Inserito da on ottobre 4 – 09:00 | 421 visite

U2_cover_album_Songs_of_Innocence_defPer chi già conosce ed ha letto i miei articoli, sa che partono sempre da riflessioni personali, da mie impressioni e da quelle che mi sembra di cogliere leggendo i commenti di altri fan degli U2. Noi fan degli U2 siamo un popolo, una “famiglia” vastissima, sparsa in tutto il mondo e di età diverse, tenendo conto che loro, i nostri quattro U2, hanno alle spalle più di trent’anni di carriera. Ad ogni loro nuovo album, tour o intervista, c’è chi, fan e non, ha da dire la sua, nel bene e nel male, anzi, spesso più nel male che nel bene. Eppure i veri fan amano questa band completamente, vivono nelle loro canzoni, quasi come a calarsi nella parte, riconoscendosi nel contesto, in un preciso stato d’animo che Bono sa cogliere scavando nel profondo dell’anima. Dai primi album all’ultimissimo Songs of Innocence, c’è chi dice di amare, odiare, provare indifferenza per una o l’altra canzone, chi valuta un disco soppesando la presenza o meno di uno strumento piuttosto che un altro, chi dice che dopo Achtung Baby gli U2 non siano più loro, chi addirittura afferma che si siano fermati a War. Tutto questo credo sia solo uno dei tanti modi di interpretare soggettivamente la musica. Anche noi fan cambiamo look, cresciamo, invecchiamo, ingrassiamo, dimagriamo. Osservando però con un po’ di distacco noi popolo degli U2 noto che ciò che critichiamo lo amiamo con il senno di poi, a distanza di anni..in questi giorni di ottobre ho letto tanti riferimenti positivi ad October, che richiama perfettamente l’atmosfera e i colori della stagione appena iniziata, ma che risale al 1981 e che è ormai parte della storia. I riferimenti agli U2 sono quotidiani per molti di noi che cercano nella musica un altro modo, più intimo, per esprimere se stessi: non importa quale sia la canzone che scegliamo per iniziare la giornata o quella per concluderla, la scelta ricade sempre su di oro, sui quattro personaggi che ci hanno conquistato in tempi e modi diversi, ma che fanno parte della nostra vita.

Songs of Innocence ha già fatto parlare molto di sé, è stato accolto con le solite critiche con cui siamo abituati ad accogliere album come The Unforgettable Fire o Pop.
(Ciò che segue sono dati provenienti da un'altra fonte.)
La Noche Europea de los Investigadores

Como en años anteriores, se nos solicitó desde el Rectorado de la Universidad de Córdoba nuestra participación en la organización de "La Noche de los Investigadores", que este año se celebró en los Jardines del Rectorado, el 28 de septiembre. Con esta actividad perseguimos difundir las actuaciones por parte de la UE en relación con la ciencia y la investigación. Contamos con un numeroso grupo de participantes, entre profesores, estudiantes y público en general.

Mi chiedo perché ci sia l’abitudine di “rivalutare” a posteriori qualcosa, piuttosto che valutarlo subito, quando viene alla luce, nel momento in cui è il “presente” e non il “passato”. Chi è “puro” nell’ascolto della musica (senza pregiudizi o contaminazioni), non sa farne critiche, ma sa dire se gli piace oppure no, sa decidere se continuare nell’ascolto o cambiare, così, in modo istintivo.
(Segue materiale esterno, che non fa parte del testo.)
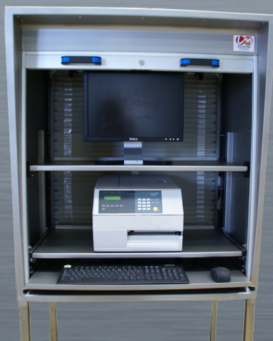
2 ripiani estraibili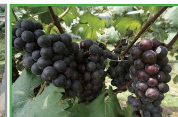
氯氟醚·吡唑啉酯（锐收果香） 2000倍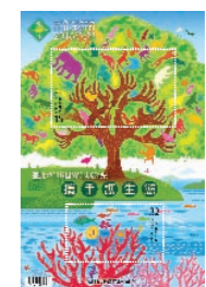
環保日 攜手護生態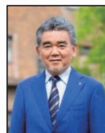
広島大学長 越智光夫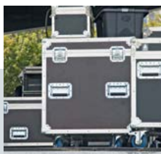
Проведение культурно-массовых мероприятий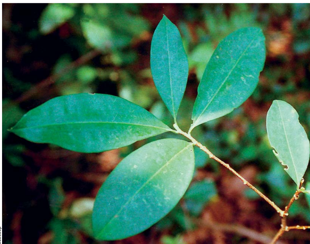
LA PRODUCCIÓN DE LA COCA ILEGAL SE EXPANDE TAMBIÉN A LAS ÁREAS PROTEGIDAS DEL PAÍS.

Por otro lado, Antonino de Leo informó que en 2015, seis de las 22 áreas protegidas del país, han sido afectadas con cultivos de hoja de coca ilegal, cuya producción es destinada al narcotráfico.

Songs of Innocence parla degli U2, di ciò che erano e che sono ora; parla di ciò che loro stessi hanno voluto condividere con chi li ascolta, tutti, fan e non. Hanno messo a nudo il loro stato di uomini adulti per ritrovare l’innocenza che è tipica dei bambini. Dai testi delle canzoni all’immagine in copertina, tutto segue questo filo logico, ma gli U2 lo fanno con un’attenzione ed una sensibilità unica, tipicamente loro, al fine di creare un’intimità a cui difficilmente l’essere umano è disposto ad arrivare con un altro essere umano. La foto di Larry che abbraccia suo figlio, bellissima e toccante, non ha bisogno di parole, di interpretazioni, talmente è forte il sentimento che riesce a trasmettere. Penso che gli U2 non abbiano bisogno di spiegazioni o interpretazioni, fanno musica e la sanno fare bene, in modo pulito e forte, senza aver paura di mettersi in gioco, mai.